In a dense model, all parameters live on the same chip or group of chips. Computing the output is a matter of loading the parameters and running the math. In an MoE model, different experts may live on different chips. When the router activates experts that are spread across the hardware, the input must be sent to each expert's chip, and the results must be gathered back.

This all-to-all communication pattern is expensive. Moving data between chips is slower than reading from local memory. For very large MoE models deployed across hundreds of chips, the communication cost can dominate — to the point where the savings from sparse activation are eaten by the overhead of routing.

DeepSeek invested heavily in minimizing this overhead through careful engineering: expert placement, communication scheduling, and hardware-aware routing. The fact that MoE works as well as it does in practice is a testament to the engineering, not the architecture alone.

The Memory Wall Connection

MoE does not escape the memory wall. It changes the shape of the problem.

Because all 256 experts must be kept in memory — you never know which ones the router will call — the model's memory footprint is still proportional to its total parameter count. The B200 still has to load expert parameters from memory. The saving is not in memory bandwidth. The saving is in compute: only 37 experts do math per token, so the compute requirement is 85 percent lower.

This means MoE is most beneficial when the workload is compute-bound — when the bottleneck is the math, not the memory. For inference workloads, which are usually memory-bound, MoE helps less than you might expect. The memory bandwidth — the football-field pantry — is still the constraint.

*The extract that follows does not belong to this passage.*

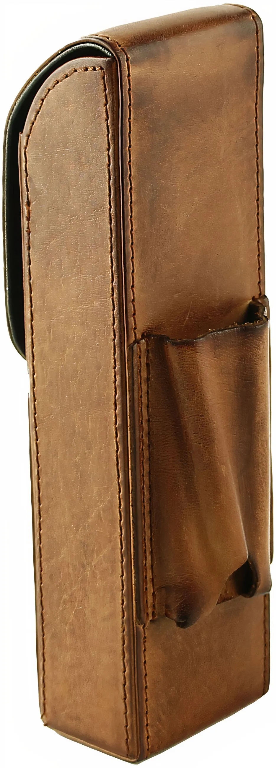 adorini карманный винтажный кожаный портсигар на 2 сигары коричневый с карманом для каттера или зажигалки

But MoE is enormously valuable for a different reason. It lets model builders scale up parameter counts without scaling up compute costs proportionally. A 1-trillion-parameter MoE model can be served at roughly the same compute cost as a 200-billion-parameter dense model, while delivering far better performance on complex tasks. This is why MoE has become the dominant architecture for frontier models: it is the most efficient way to spend the compute budget.

And it points toward a future where models get smarter without getting proportionally more expensive — which is precisely what the waiting game is all about.